At 45, sharp-suited Chinese art dealer and businessman Gao Ping (高平) has climbed high in life, even being photographed with Spain’s King Juan Carlos and China’s President Hu Jintao (胡錦濤).
Now he is in a cell in Madrid, waiting to go before a judge, accused of heading a gang that laundered millions of euros, officials and media reports said — though his defenders said he was an easy target.
A police official said on Friday that Gao was among more than 80 people arrested this week in “Operation Emperor” and that he was suspected of being the leader of the network busted in the series of raids.
He was expected to go before the judge yesterday, a judicial source added, after 19 suspects who were due to be questioned on Friday — mostly Chinese suspected of laundering money.
The judge will rule on possible bail and whether to keep Gao in detention.
Spanish television broadcast pictures of Gao, dressed in a brown leather jacket, covering his face as police detained him and searched his Gao Magee Gallery in an arty area of downtown Madrid.
Police vans surrounded his white-pillared mansion in the posh western Madrid suburb of Somosaguas.
“People who know him tell me they are very surprised,” said Jorge Garcia, a Madrid-based consultant who chairs a Spanish-Chinese chamber of commerce and works with investors in both countries.
“He is a businessman who started from the bottom, with a small shop, and his business grew.
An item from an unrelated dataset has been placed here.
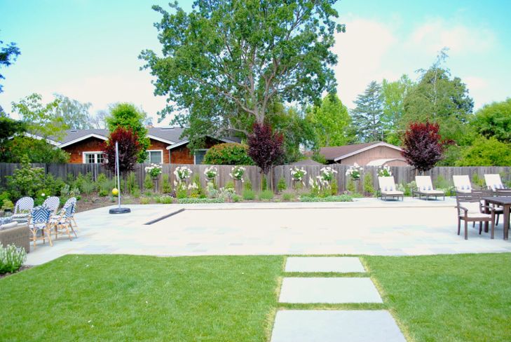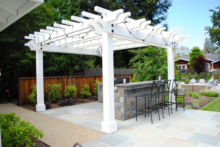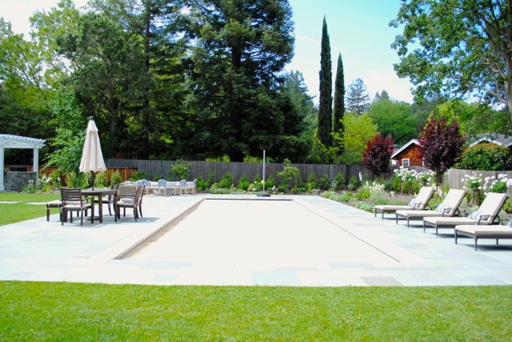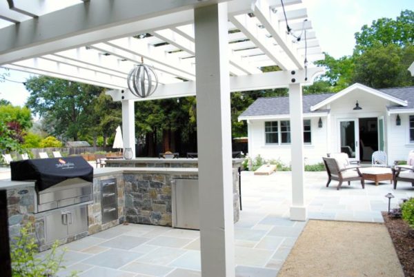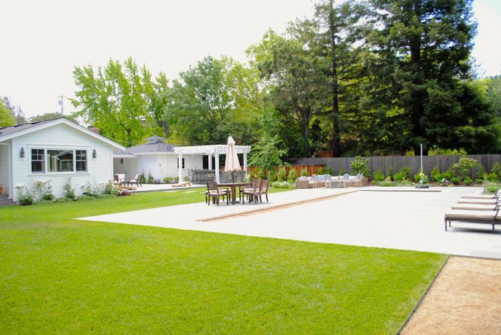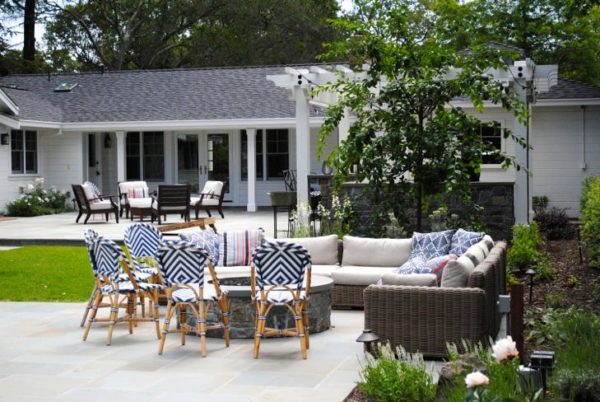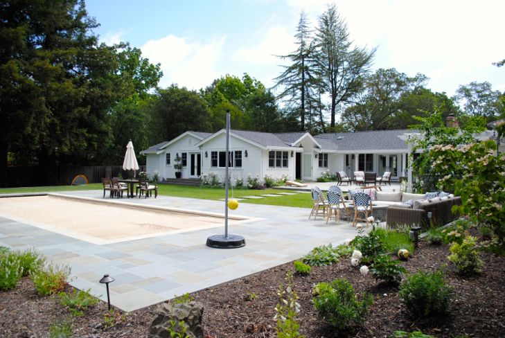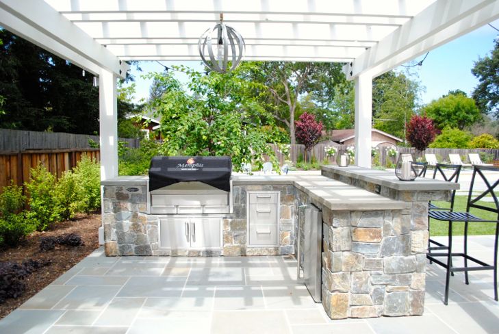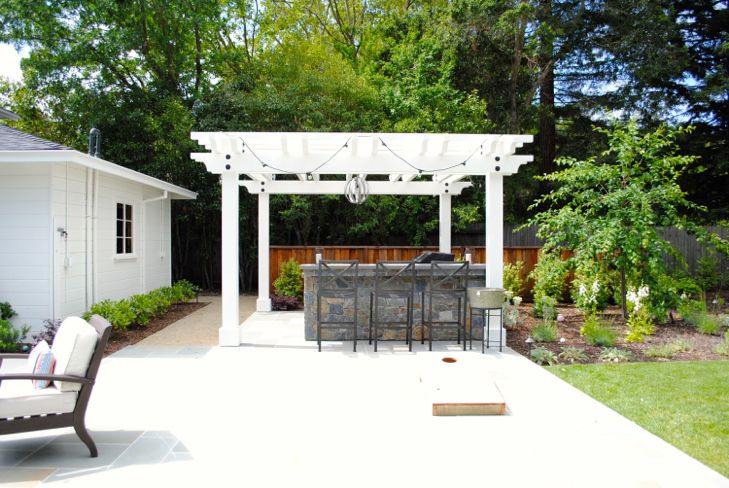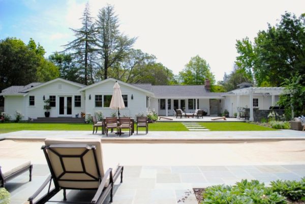 A traditional East Bay home with upscale details, including white marble countertops, high ceilings in the main living areas, and a beautifully tiled rear patio area with a pool, stone wet bar and outdoor seating.

He was a philanthropist who helped a lot of people in need and was the face of Spanish art in China in recent years,” he added. “He seems to have been a humble and much-loved person.”
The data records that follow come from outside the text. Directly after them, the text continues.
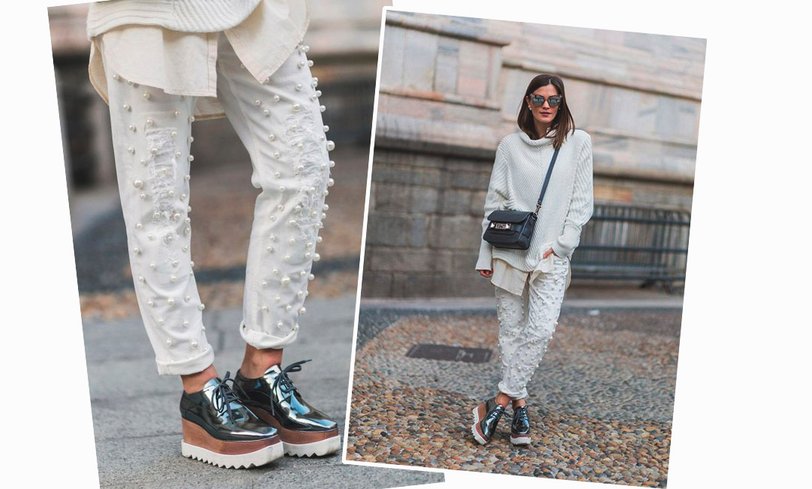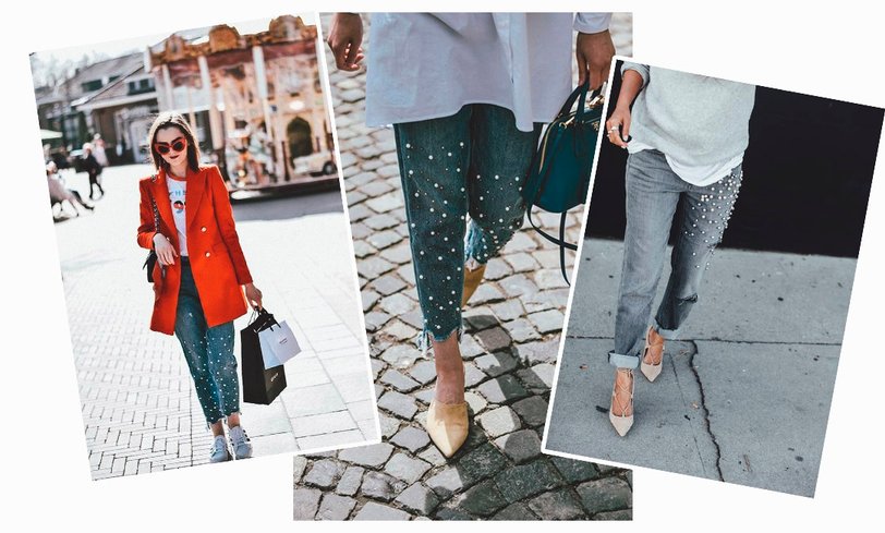 Джинсы, декорированные бусинами, выглядят менее броско, и подобрать к ним гармоничный верх не составит труда. Сделай ставку на расслабленность и элегантную небрежность: комбинируй джинсы с простыми футболками навыпуск или слегка помятыми рубашками, выглядывающими из-под свитера. В качестве обуви можно выбрать мюли, кроссовки или туфли-лодочки нюдовых расцветок.
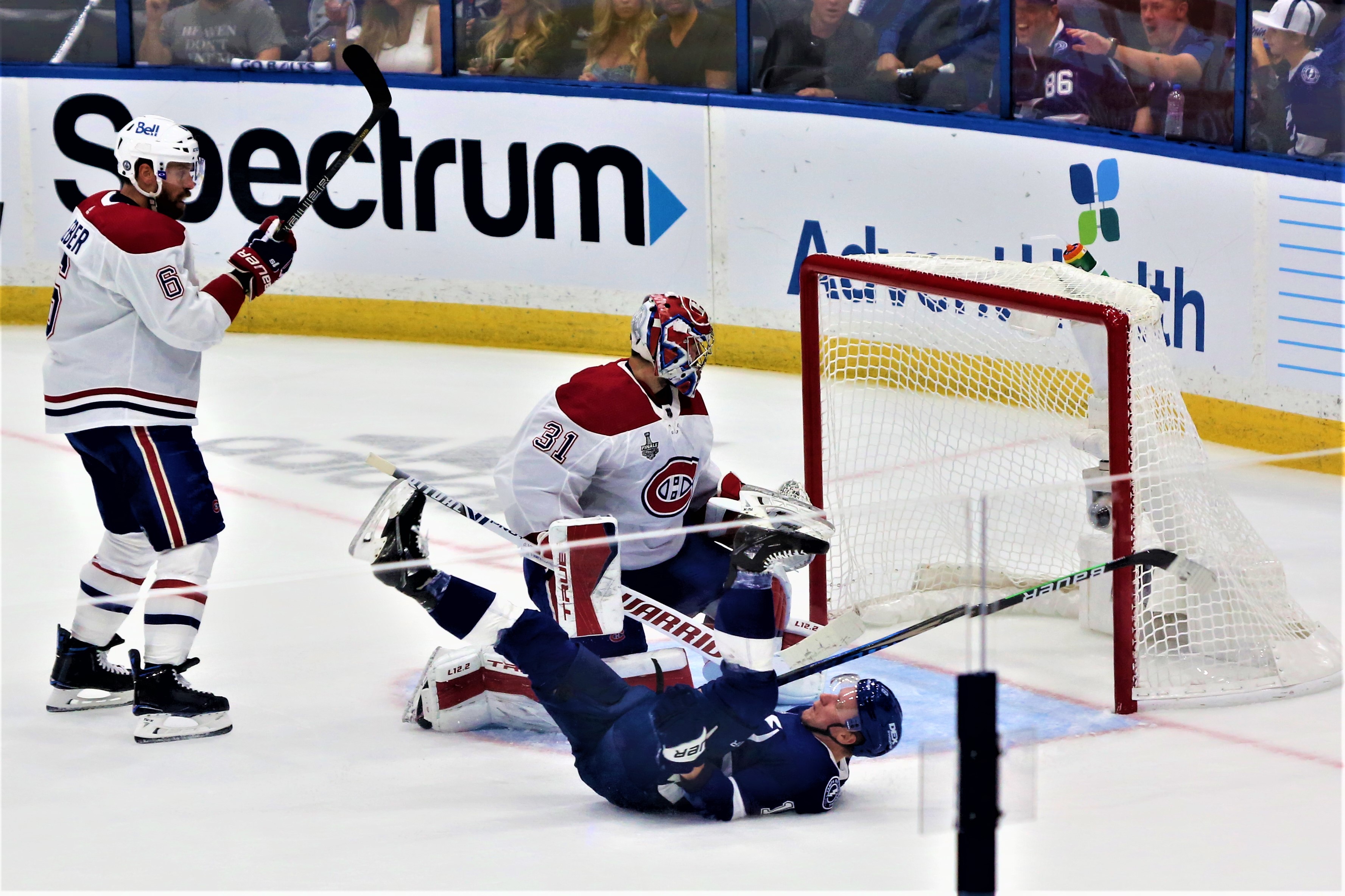 Ondrej Palat takes a tumble after a shot on goal.
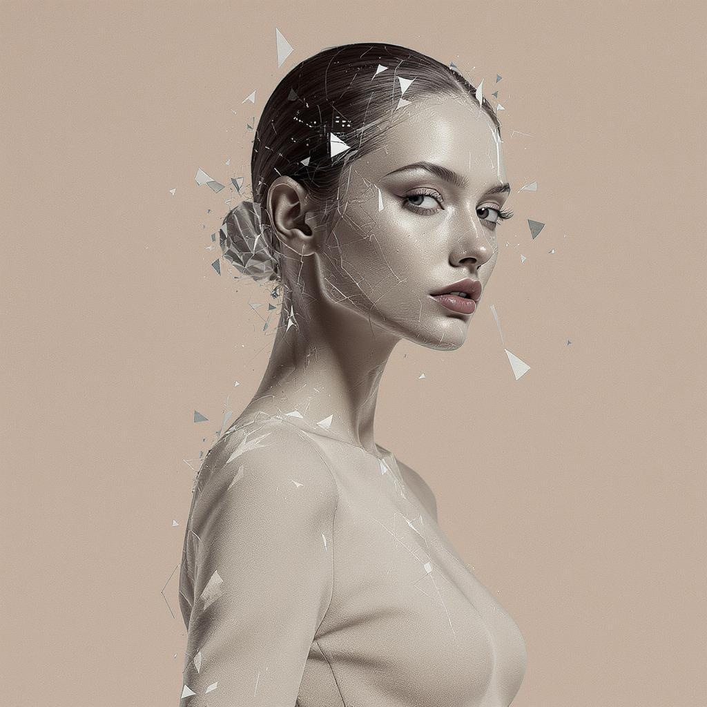 shattered pixels portrait, high fashion allure, luxury brand essence, soft taupe hues, slender silhouette, --ar 4:5
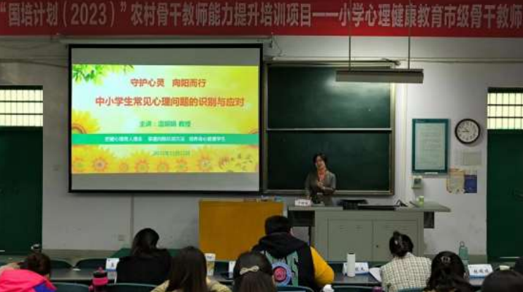 2023年11月 12日上午,河南职业技术学院心理健康教育中心负责人——温娟娟教授为国培学员做了一场题为《中小学生常见心理问题的识别与应对》的专题讲座,国培项目班主任冯建成老师主持。
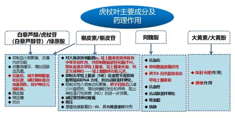 从上图可见,虎杖叶具有与虎杖相同的抑制血小板聚集、改善内皮功能、改善微循环、抗氧化、降血脂、降血糖、抗炎、保肝利胆、通便等作用,由于其含有槲皮素/槲皮苷含量远高于虎杖,同时具有还区别于虎杖的阿魏酸等成分,因此虎杖叶对5-羟色胺能和去甲肾上腺素能的调节作用(即调节植物神经)是非常显著的。综上所述,虎杖叶具有调节植物神经和优化血流分配的双重作用。适用于植物神经功能紊乱和血流分配紊乱的头晕患者。
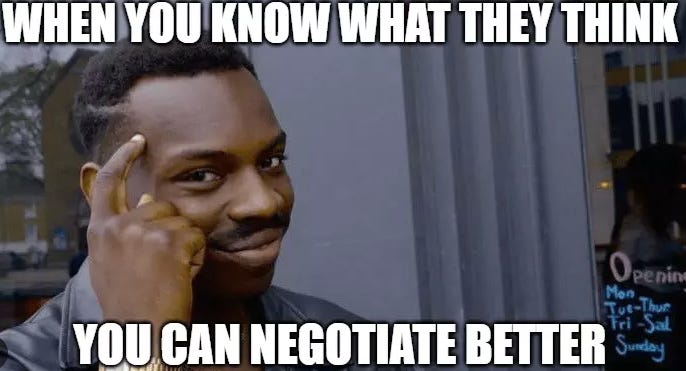 (If you are interested, Chris Voss covers many negotiation techniques in his book “Never split the difference”. Chris can come across as a bit “intense” in his way to present concepts, but he definitely knows what he’s talking about).
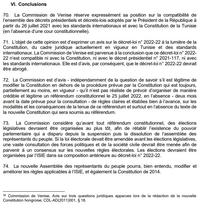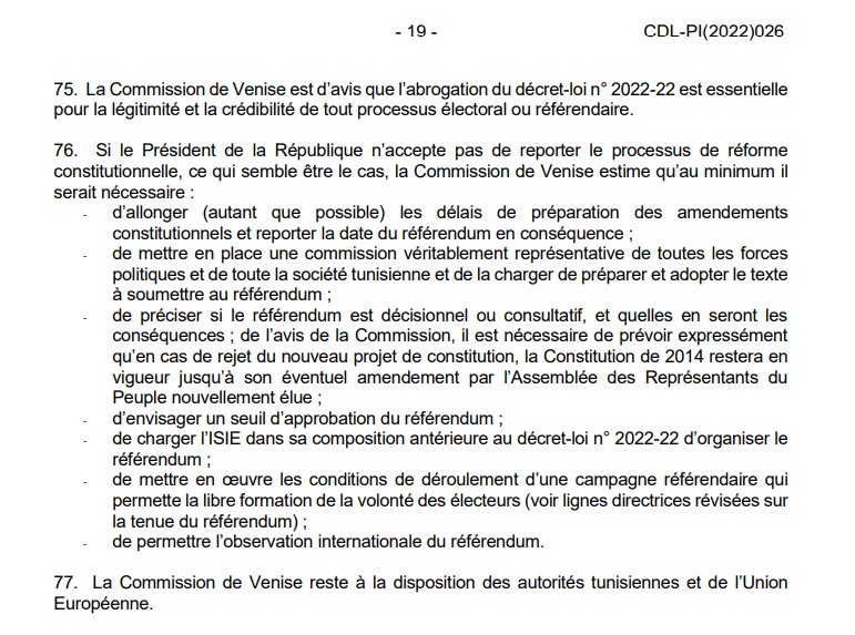 Ce qui intéresse tout particulièrement la Commission de Venise (Commission européenne pour la démocratie par le droit), dont la présidente avait pour rappel été reçue au Palais de Carthage en avril dernier, c’est le décret présidentiel 2022-22, en vertu duquel Saïed a amendé la Loi organique régissant l’Instance Supérieure Indépendante des Elections (ISIE). Mais ce n’est pas là le seul grief formulé aujourd’hui par le rapport final de la Commission.

Over 500 police took part in “Operation Emperor.” They seized 10 million euros (US$13 million) in cash in raids across the country as well as some 200 vehicles, guns, jewels and works of art.
Top anti-corruption prosecutor Antonio Salinas said the network laundered between 200,000 euros and 300,000 euros a year, dodging taxes, bribing officials and forging documents.
He said the racket was made up of traders who sold contraband goods in Spain, laundered the money and transferred it to China.
The Spanish National Court, which ran a two-year investigation, said the gang also channeled money from rackets involving prostitution and extortion to tax havens with the help of Spanish and Israeli intermediaries.
Spanish newspapers cited unnamed sources saying his vast network used hitmen and thugs to intimidate late-payers, though police and prosecutors refused to comment on these details pending the hearings.
El Mundo newspaper cited National Court documents, which have not been publicly released, saying the gang used a unit called the Shangdon Group “which worked on collecting payments using violence when necessary.”
Defenders of Gao Ping say Spain’s big Chinese community, which owns many wholesale distributors and bargain-basement shops in major cities, is an easy target at a time when Spaniards are angry with the government in a bitter recession.
In its efforts to fix its public finances, the Spanish government has announced measures to recover tax revenues which included an amnesty for some back taxes owed on big fortunes.
The government said the money-laundering harmed the Spanish economy.
“The government doesn’t want to touch the big tax evaders, because they are friends of the state — bankers, politicians, businessmen,” Garcia said.
“Blaming the Chinese mafia for the fact there are 5 million unemployed in Spain is a bit ridiculous,” he said.